/ ESPERIMENTO DA 16MM

Shozo Shimamoto

About the exhibition



The film with the Emperor takes part in.

In 1957 we decided to do an event using the stage. We had no intention of doing theatre or a concert; we just wanted to express the art of using the stage.

A picture is by nature a static thing, whereas with the event that we had in mind, the work itself becomes the protagonist so that it changes like a story. In this way, the idea emerged that in order to express an art form that changes from moment to moment, it would be better to use a stage. First of all, it was an experiment that had never been done before, and we were very excited, so we thought about and planned the idea. Since then I have often exhibited art using the stage; once I did a work on film. It was an avant-garde film. But I did not have a cine-camera or the money to shoot in 35mm. I had a friend who worked in the theatre, and when I was talking to him, he proposed recycling a 35 mm film, washing it in vinegar and painting over it. At that time there were no marker pens, so after mixing the colour with paint, we painted the images onto each frame.
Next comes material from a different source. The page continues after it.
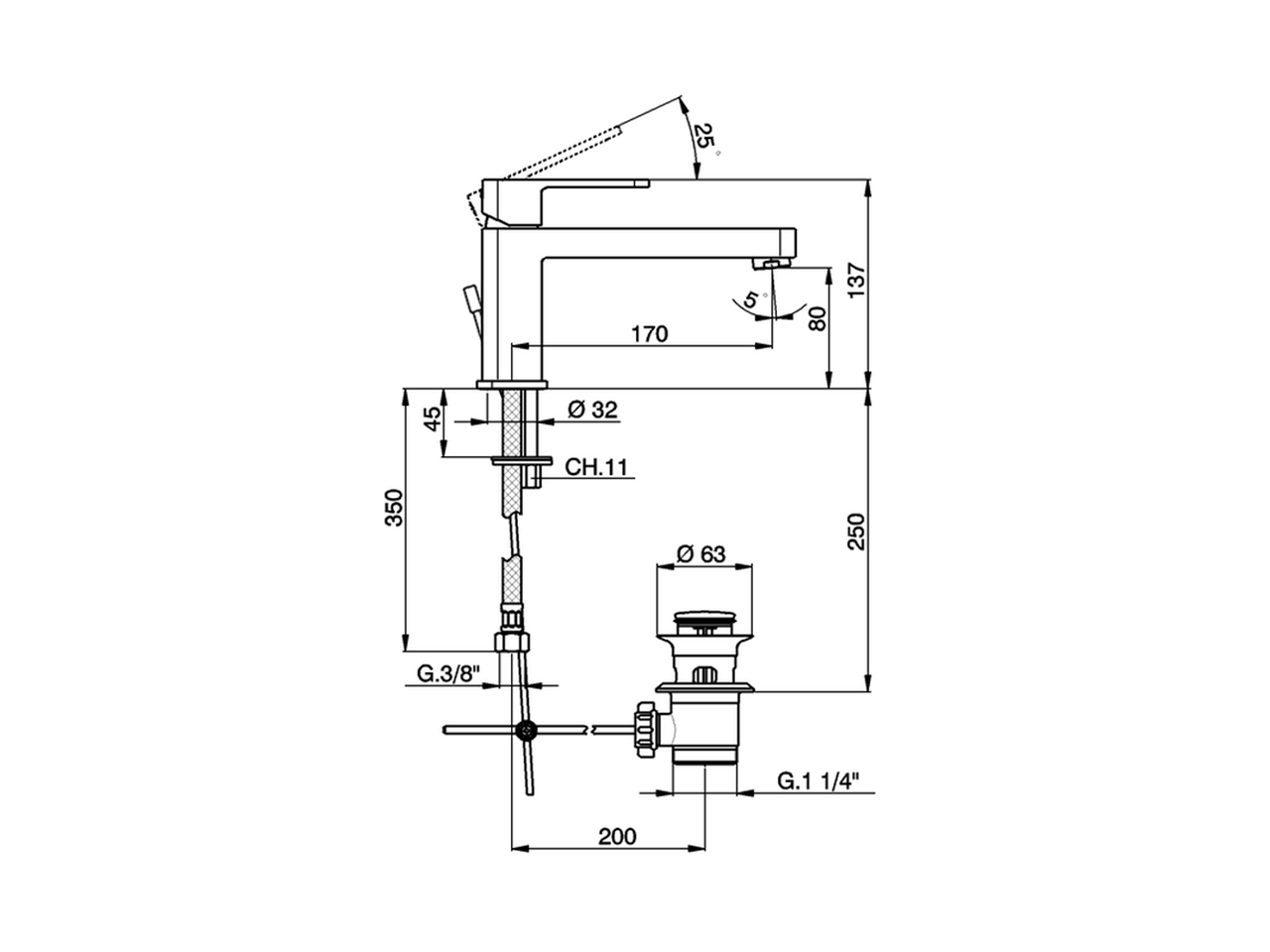 Single lever washbasin mixer,with 1"1/4 automatic pop-up waste,G.3/8" stainless steel flexible hose

However, it was nothing like making a cartoon today, it was rather more like random scribbles.

As an experiment I took two projectors together and thus duplicated the image on the screen. For the music too, I bought a tape recorder, which was a novelty at the time. So I recorded the sound of the short wave radio and used it as avant-garde music together with the images. In the Mainichi newspaper of 23rd November 1955, the local Hanshin section reported ‘the noise of a chair being dragged or the rattling of a kettle, or the sound of running water have been recorded ...’. These noises are now in the Pompidou Centre.

That film is now ruined, but I kept it and restored it in 16 mm. Only a few years ago, I loaned it to an avant-garde film magazine, This is Film. One of the editors, Kenichi Harada, told me that you could see the Emperor Hirohito in the movie. I was amazed. The Gutai art movement eliminated all political and literary ideas from their work and focused only on the material. So what was all this about the Emperor? Looking carefully at the films I remembered that when I had washed them with vinegar, I’d done it quite roughly, so we were left with some news coverage regarding the Emperor.

As I was using the double projectors at that time, I hadn’t noticed. Nobody at the Sankei Hall, including myself, who had seen the screening in 1957 had noticed anything.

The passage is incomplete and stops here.